>>>>
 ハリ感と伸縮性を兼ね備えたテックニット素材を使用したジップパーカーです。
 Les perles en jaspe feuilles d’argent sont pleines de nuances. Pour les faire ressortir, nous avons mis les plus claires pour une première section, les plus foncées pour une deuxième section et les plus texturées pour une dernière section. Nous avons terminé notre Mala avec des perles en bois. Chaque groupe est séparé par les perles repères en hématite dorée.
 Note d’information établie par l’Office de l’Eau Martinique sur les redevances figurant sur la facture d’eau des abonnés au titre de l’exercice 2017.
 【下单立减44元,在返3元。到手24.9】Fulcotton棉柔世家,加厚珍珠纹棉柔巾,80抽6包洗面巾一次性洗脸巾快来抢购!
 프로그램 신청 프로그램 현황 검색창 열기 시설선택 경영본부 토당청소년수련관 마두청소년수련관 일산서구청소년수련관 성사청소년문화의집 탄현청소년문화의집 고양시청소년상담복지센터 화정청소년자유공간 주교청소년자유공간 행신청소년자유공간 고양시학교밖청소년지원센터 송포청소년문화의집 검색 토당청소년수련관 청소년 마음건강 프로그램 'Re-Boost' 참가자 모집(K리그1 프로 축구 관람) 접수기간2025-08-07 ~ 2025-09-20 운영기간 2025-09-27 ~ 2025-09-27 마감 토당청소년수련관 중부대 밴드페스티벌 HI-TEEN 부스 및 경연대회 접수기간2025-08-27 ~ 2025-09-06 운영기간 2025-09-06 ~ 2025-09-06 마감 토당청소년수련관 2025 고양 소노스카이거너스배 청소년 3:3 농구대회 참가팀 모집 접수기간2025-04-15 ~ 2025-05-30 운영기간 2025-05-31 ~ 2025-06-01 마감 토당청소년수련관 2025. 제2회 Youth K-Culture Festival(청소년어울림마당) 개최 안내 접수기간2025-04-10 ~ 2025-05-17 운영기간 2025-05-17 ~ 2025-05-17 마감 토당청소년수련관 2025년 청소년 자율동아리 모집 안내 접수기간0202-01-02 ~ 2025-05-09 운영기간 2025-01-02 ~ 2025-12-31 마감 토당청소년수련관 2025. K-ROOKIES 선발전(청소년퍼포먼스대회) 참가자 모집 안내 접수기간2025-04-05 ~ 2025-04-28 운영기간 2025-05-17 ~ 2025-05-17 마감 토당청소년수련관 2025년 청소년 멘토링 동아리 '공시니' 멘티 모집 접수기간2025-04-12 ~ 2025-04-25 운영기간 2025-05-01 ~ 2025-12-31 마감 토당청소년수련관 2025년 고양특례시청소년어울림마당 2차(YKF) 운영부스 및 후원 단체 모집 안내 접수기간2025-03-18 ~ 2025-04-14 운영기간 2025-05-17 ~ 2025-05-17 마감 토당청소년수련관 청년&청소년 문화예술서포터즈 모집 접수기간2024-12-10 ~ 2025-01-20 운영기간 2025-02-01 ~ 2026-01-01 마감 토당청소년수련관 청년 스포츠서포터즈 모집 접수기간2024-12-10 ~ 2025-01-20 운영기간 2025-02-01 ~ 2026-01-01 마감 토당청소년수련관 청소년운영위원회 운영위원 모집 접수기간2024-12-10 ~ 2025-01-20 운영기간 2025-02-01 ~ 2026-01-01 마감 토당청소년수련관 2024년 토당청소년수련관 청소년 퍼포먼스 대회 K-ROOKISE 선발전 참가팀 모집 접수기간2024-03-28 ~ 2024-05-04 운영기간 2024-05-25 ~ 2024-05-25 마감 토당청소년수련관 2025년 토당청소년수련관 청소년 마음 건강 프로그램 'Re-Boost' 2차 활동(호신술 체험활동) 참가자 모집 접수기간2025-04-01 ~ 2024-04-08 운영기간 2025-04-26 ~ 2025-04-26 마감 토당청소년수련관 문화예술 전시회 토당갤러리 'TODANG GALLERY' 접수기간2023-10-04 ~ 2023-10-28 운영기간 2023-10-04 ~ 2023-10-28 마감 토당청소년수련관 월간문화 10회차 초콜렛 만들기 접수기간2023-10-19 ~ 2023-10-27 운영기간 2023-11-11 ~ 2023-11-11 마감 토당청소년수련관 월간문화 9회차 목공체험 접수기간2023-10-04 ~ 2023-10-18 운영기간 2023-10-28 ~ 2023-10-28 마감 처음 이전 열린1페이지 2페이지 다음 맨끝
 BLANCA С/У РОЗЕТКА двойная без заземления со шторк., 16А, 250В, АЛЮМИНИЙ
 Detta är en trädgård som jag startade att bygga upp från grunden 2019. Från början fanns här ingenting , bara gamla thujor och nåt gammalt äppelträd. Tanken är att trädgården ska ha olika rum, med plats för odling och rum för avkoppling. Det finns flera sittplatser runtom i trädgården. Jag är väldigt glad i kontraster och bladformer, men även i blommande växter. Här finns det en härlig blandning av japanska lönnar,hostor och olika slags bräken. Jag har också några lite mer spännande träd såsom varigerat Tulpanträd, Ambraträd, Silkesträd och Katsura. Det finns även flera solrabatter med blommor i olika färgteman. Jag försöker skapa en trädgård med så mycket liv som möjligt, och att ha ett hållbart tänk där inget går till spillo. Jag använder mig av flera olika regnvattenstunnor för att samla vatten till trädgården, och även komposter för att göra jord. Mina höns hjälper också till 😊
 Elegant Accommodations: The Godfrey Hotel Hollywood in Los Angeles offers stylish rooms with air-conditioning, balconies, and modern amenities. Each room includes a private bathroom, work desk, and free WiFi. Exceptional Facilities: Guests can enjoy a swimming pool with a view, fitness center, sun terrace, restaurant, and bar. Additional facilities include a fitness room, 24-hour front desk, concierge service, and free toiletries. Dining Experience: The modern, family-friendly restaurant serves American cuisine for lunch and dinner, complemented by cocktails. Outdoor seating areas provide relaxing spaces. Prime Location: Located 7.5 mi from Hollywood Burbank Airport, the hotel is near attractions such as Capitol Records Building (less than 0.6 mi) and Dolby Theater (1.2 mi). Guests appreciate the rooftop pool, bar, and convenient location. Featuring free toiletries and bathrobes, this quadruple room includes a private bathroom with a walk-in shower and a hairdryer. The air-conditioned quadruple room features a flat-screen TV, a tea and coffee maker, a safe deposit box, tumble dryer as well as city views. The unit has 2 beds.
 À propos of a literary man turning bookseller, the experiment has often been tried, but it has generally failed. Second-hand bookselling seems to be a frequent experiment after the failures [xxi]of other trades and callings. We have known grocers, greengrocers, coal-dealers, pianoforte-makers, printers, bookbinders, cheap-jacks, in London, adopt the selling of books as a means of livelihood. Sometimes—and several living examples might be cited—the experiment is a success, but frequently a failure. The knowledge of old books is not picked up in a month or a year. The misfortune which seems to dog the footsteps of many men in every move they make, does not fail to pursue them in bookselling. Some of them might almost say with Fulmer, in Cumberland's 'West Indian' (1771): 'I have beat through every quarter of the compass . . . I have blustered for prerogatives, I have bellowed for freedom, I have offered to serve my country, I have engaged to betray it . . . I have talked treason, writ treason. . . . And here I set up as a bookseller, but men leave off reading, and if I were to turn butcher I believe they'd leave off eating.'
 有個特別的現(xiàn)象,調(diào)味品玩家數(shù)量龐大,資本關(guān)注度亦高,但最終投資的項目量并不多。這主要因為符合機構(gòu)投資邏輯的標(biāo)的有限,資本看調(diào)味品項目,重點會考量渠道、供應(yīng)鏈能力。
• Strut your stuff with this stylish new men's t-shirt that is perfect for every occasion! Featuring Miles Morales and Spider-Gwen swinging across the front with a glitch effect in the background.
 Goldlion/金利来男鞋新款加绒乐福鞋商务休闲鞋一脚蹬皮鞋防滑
<<<<
■ Task directions
Using the material above, return every line that holds the string "this".

■ Task result
 Elegant Accommodations: The Godfrey Hotel Hollywood in Los Angeles offers stylish rooms with air-conditioning, balconies, and modern amenities. Each room includes a private bathroom, work desk, and free WiFi. Exceptional Facilities: Guests can enjoy a swimming pool with a view, fitness center, sun terrace, restaurant, and bar. Additional facilities include a fitness room, 24-hour front desk, concierge service, and free toiletries. Dining Experience: The modern, family-friendly restaurant serves American cuisine for lunch and dinner, complemented by cocktails. Outdoor seating areas provide relaxing spaces. Prime Location: Located 7.5 mi from Hollywood Burbank Airport, the hotel is near attractions such as Capitol Records Building (less than 0.6 mi) and Dolby Theater (1.2 mi). Guests appreciate the rooftop pool, bar, and convenient location. Featuring free toiletries and bathrobes, this quadruple room includes a private bathroom with a walk-in shower and a hairdryer. The air-conditioned quadruple room features a flat-screen TV, a tea and coffee maker, a safe deposit box, tumble dryer as well as city views. The unit has 2 beds.
• Strut your stuff with this stylish new men's t-shirt that is perfect for every occasion! Featuring Miles Morales and Spider-Gwen swinging across the front with a glitch effect in the background.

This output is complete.